** Opening MATERIAL FOR THIS EXERCISE block **
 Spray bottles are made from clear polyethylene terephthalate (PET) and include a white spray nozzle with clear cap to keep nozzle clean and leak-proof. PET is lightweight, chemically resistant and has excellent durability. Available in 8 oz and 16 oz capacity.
** Closing MATERIAL FOR THIS EXERCISE block **
** Opening MATERIAL FOR THIS EXERCISE block **
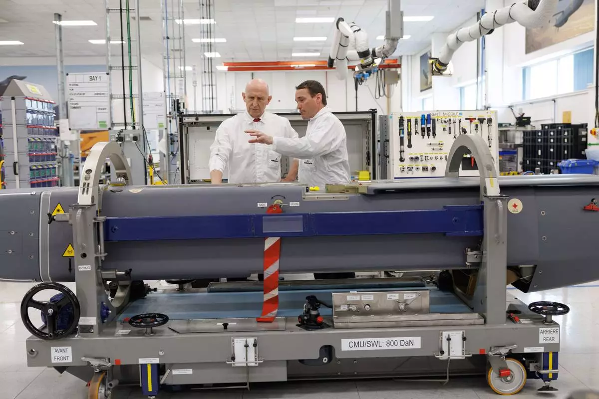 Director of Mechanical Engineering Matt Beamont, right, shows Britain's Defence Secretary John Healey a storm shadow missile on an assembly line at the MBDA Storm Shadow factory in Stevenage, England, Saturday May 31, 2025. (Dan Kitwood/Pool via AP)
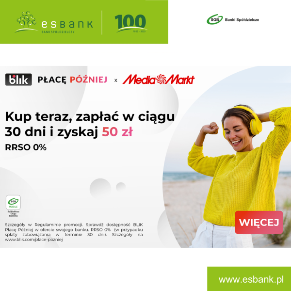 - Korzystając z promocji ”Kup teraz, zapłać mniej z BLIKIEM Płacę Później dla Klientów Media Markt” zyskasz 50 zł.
** Closing MATERIAL FOR THIS EXERCISE block **
** Opening MATERIAL FOR THIS EXERCISE block **
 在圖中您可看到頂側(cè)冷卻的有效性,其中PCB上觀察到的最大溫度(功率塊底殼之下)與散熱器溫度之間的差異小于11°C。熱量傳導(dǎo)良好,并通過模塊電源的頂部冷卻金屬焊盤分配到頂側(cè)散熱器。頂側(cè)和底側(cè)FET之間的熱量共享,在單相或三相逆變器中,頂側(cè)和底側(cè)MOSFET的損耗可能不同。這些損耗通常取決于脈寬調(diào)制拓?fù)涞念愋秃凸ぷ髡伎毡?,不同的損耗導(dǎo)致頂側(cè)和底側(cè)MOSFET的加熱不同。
** Closing MATERIAL FOR THIS EXERCISE block **
# [WORK ORDER]
In the listing above, find the line with "Director of Mechanical" and the line with "- Korzystając z". Copy both of them and every line between, exactly, but not the pictures.

# [RESULT OF THE EXERCISE]
 Director of Mechanical Engineering Matt Beamont, right, shows Britain's Defence Secretary John Healey a storm shadow missile on an assembly line at the MBDA Storm Shadow factory in Stevenage, England, Saturday May 31, 2025. (Dan Kitwood/Pool via AP)
 - Korzystając z promocji ”Kup teraz, zapłać mniej z BLIKIEM Płacę Później dla Klientów Media Markt” zyskasz 50 zł.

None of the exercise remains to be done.